:: About this task ::
In the data below, find the line containing "25.有人设计了一个小玩艺如" and the line containing "Women’s Romper –", then reproduce them and every line between, exactly. Omit pictures.

:: Data block ::
[Start of Attachment]

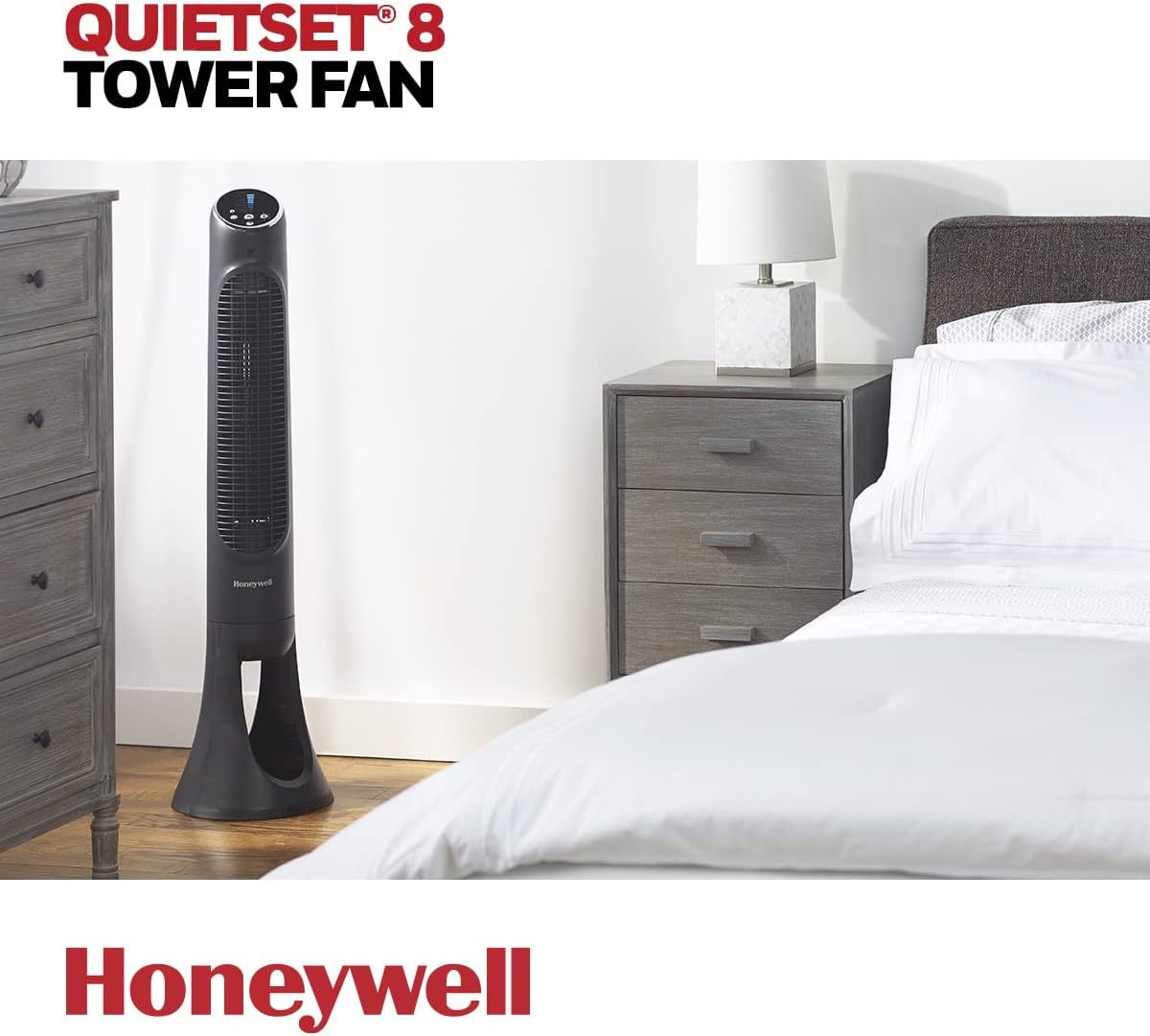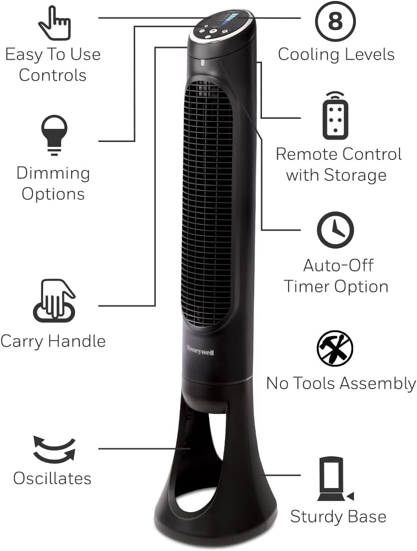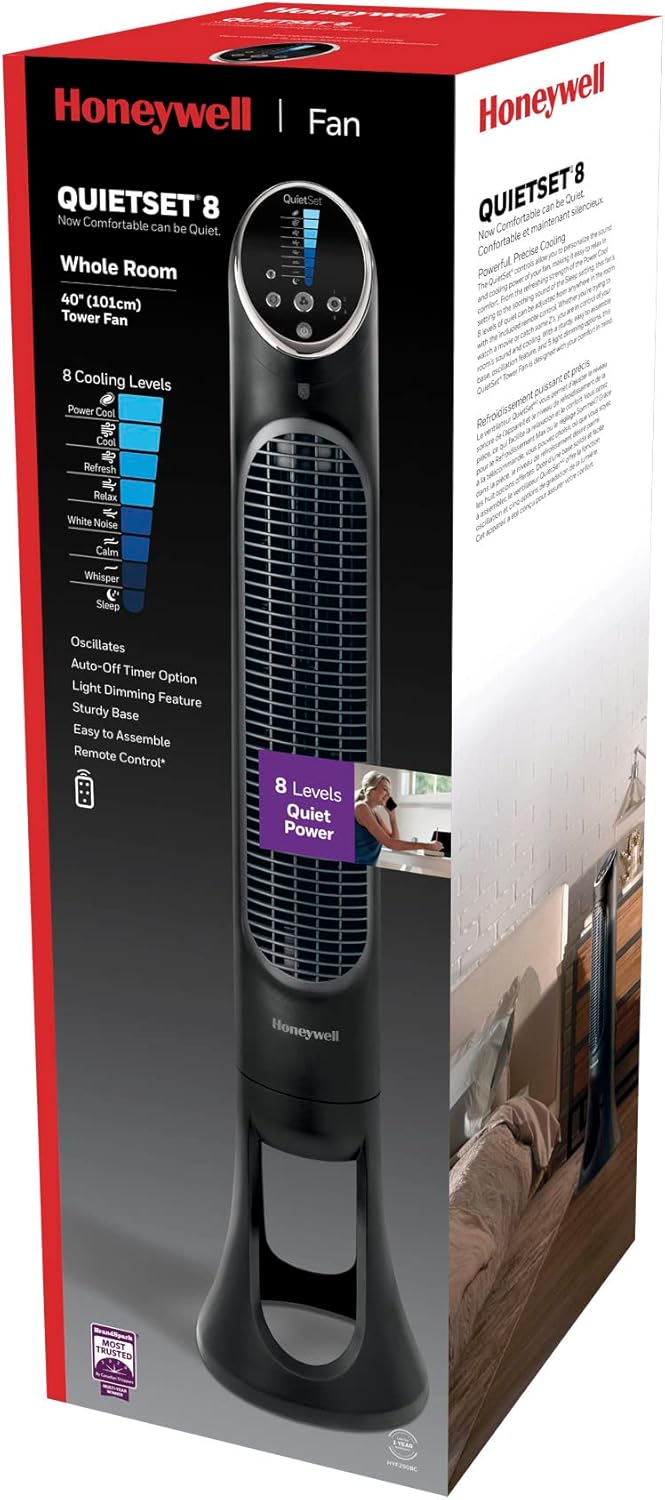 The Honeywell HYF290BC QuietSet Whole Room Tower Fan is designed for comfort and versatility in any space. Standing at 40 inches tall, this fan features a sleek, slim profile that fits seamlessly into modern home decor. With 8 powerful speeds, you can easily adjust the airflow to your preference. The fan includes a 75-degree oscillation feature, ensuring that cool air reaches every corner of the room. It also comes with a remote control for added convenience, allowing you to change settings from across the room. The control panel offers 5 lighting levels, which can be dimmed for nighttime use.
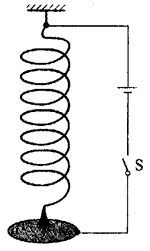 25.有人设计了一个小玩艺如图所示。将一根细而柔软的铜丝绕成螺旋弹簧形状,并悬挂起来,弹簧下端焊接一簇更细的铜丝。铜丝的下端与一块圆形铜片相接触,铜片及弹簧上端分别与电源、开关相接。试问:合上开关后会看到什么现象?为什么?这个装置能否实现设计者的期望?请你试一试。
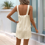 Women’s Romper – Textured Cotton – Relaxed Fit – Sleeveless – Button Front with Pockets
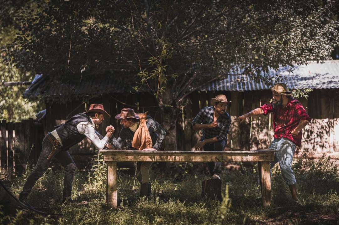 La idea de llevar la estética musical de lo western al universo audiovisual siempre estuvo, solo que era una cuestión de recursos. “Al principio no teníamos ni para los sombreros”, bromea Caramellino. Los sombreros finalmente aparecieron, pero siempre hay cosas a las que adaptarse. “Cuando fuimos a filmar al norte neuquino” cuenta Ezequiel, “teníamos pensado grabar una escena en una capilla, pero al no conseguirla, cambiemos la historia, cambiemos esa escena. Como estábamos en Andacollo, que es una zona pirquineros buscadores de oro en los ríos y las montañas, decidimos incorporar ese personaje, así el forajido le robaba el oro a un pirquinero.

[End of Attachment]

:: Output ::
 25.有人设计了一个小玩艺如图所示。将一根细而柔软的铜丝绕成螺旋弹簧形状,并悬挂起来,弹簧下端焊接一簇更细的铜丝。铜丝的下端与一块圆形铜片相接触,铜片及弹簧上端分别与电源、开关相接。试问:合上开关后会看到什么现象?为什么?这个装置能否实现设计者的期望?请你试一试。
 Women’s Romper – Textured Cotton – Relaxed Fit – Sleeveless – Button Front with Pockets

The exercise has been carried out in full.